• **Task objective**
Pull out of the data below the stretch of lines bounded by the one containing "在执行 npm install" and the one containing "Volan je nameščen", both bounds included, unchanged.

• **Data for the task**
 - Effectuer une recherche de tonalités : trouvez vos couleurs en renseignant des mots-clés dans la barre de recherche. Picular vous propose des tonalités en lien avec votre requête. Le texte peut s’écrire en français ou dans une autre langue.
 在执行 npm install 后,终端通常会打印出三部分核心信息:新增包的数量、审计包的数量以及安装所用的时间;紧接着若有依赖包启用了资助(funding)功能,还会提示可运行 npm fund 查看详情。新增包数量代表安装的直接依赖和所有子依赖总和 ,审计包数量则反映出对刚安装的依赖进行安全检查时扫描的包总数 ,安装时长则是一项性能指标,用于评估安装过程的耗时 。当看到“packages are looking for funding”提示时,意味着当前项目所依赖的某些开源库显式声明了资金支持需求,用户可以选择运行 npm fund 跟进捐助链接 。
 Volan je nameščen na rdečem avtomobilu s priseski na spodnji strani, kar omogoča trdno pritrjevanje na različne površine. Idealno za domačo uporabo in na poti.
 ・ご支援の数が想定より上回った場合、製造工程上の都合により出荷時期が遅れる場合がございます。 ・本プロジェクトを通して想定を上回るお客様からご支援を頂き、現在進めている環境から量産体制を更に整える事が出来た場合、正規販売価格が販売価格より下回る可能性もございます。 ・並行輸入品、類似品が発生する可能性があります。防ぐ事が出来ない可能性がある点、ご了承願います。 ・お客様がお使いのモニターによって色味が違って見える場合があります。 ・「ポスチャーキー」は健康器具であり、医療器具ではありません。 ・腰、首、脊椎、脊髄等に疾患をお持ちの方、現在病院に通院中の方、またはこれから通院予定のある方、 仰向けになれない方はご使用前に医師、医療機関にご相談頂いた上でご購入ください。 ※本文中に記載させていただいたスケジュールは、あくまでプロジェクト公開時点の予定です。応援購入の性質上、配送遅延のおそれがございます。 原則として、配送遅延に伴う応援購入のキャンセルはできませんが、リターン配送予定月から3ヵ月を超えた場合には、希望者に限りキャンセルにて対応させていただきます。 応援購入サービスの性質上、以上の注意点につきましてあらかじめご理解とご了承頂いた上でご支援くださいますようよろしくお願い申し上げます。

==

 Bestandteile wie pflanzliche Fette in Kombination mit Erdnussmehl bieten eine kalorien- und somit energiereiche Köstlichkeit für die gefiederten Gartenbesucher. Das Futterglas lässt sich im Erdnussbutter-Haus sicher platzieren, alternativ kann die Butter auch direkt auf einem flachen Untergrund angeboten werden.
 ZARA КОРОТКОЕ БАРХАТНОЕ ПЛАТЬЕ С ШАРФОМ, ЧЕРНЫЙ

---

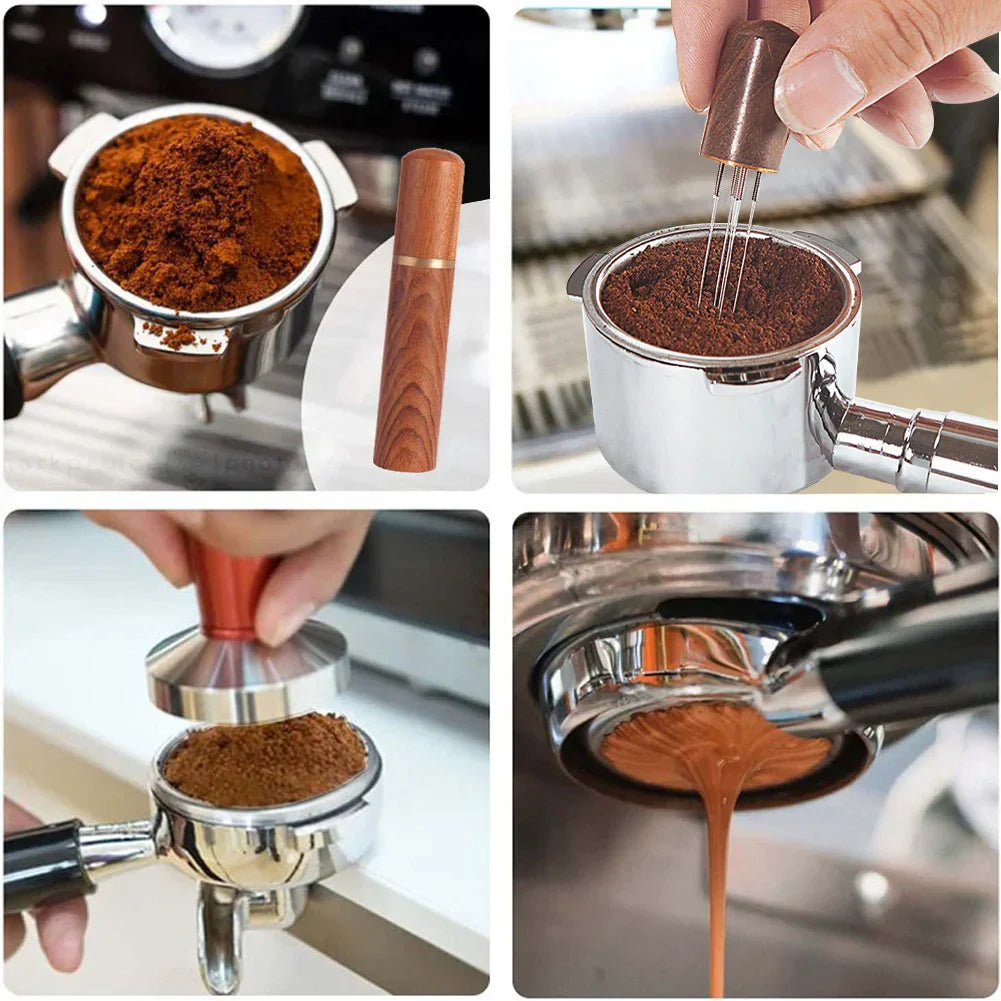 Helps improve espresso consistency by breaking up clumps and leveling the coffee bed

• **Task response**
 在执行 npm install 后,终端通常会打印出三部分核心信息:新增包的数量、审计包的数量以及安装所用的时间;紧接着若有依赖包启用了资助(funding)功能,还会提示可运行 npm fund 查看详情。新增包数量代表安装的直接依赖和所有子依赖总和 ,审计包数量则反映出对刚安装的依赖进行安全检查时扫描的包总数 ,安装时长则是一项性能指标,用于评估安装过程的耗时 。当看到“packages are looking for funding”提示时,意味着当前项目所依赖的某些开源库显式声明了资金支持需求,用户可以选择运行 npm fund 跟进捐助链接 。
 Volan je nameščen na rdečem avtomobilu s priseski na spodnji strani, kar omogoča trdno pritrjevanje na različne površine. Idealno za domačo uporabo in na poti.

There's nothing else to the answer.